Single shareholder companies are also available which are called ‘EOOD” companies in Bulgaria. In an EOOD company, the sole shareholder can also be the only director of the company who can also be foreigners.
Bulgaria is a South Eastern European country and a member of the European Union (EU). Bordered by the Black Sea, Greece and Turkey, along with Serbia and Romania. It is officially known as the “Republic of Bulgaria”. Its currency is the Bulgarian Lev (BGN).
In 1946, it became part of the Soviet Eastern Bloc as a socialist state until 1989 when it was granted independence. Currently, its political system is described as a “unitary parliamentary constitutional republic” with an elected one house national assembly and a prime minister and a president.
Bulgaria Private Limited Company (OOD) Benefits
A Bulgaria Private Limited Company (OOD) offers these types of benefits:
• Total Foreign Ownership: Foreigners may own 100% of the shares.
• Limited Liability: A shareholder’s liability is limited to his or her contribution to the share capital’
• One Shareholder and One Director: Only one shareholder required who can also be the only director for better control.
• Low Capital: The required minimum share capital is currently only 2,500 Euro.
• Low Tax: The corporate tax rate is 10%. However, U.S. taxpayers must disclose all income to the IRS. Others paying income taxes on global income must also report all income to their governments.
• EU Member: Bulgaria has been a member of the European Union (EU) since 2007. EU membership opens doors for doing business with other EU members.
Bulgaria Private Limited Company (OOD) Name
OOD’s must select unique names not similar to any other company or legal entity’s name in Bulgaria.
Proposed company names must first be approved by the National Registry before applying to become a company. Name checks prior to applying are available.

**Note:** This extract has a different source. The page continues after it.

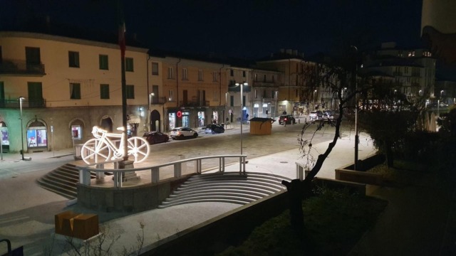 La grande bicicletta luminosa, ben visibile da via Vittorio Veneto, si propone come un simbolo immediatamente riconoscibile dell’evento e come un forte richiamo visivo per cittadini e visitatori.

The suffix “OOD” must appear at the end of the company name.
Shareholders’ liabilities are limited to their contributions towards the company’s share capital.

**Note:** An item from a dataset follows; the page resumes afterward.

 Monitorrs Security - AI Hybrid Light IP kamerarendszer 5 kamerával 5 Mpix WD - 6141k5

An OOD must execute a Memorandum of Association and Articles of Association. Prior to applying for incorporation, the OOD must appoint a sole director to manage the company or a board of directors.

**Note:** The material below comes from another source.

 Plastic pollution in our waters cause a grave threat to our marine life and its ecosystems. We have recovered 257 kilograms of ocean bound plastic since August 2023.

The incorporation procedure involves:
• Selecting the company name, verifying its availability, and reserving the name;
• Drafting the Articles of Association and Memorandum of Association;
• Raising the share capital of 5,000 Bulgarian Leva (currently 2,500 Euro);
• Obtaining a Bank Certificate verifying the deposit of at least 70% of the share capital;
• Appointing the sole director or the board of directors;
• Registering with the local district court’s Commercial Register; and
• Waiting for the publication of the district court’s decision in the State Gazette.
If the OOD intends to do business in Bulgaria, or hire employees after the company registration completion, the following government agencies must be registered with:
• National Statistical Institute to receive the BULSTAT number which must be done within three days after the company registration.
• Register with the territory division of the National Social Security Institute.
• Register with the territory tax office within 14 days after the company registration.
The minimum requirement to form an OOD is one shareholder. As mentioned above, a single shareholder not intending to add other shareholders may elect to form the company as an EOOD. The OOD allows for growth by adding shareholders.
No restrictions on residency or nationality exists for shareholders. Natural persons or corporate entities may become shareholders.
Only one director is required to be appointed. A sole shareholder may become the only director.
Bulgaria poses no restrictions upon the citizenship or residency of directors. Therefore, a local director is not required.
The required minimum share capital is 5,000 BGL (currently 2,500 Euro) with 70% being paid up prior to incorporation.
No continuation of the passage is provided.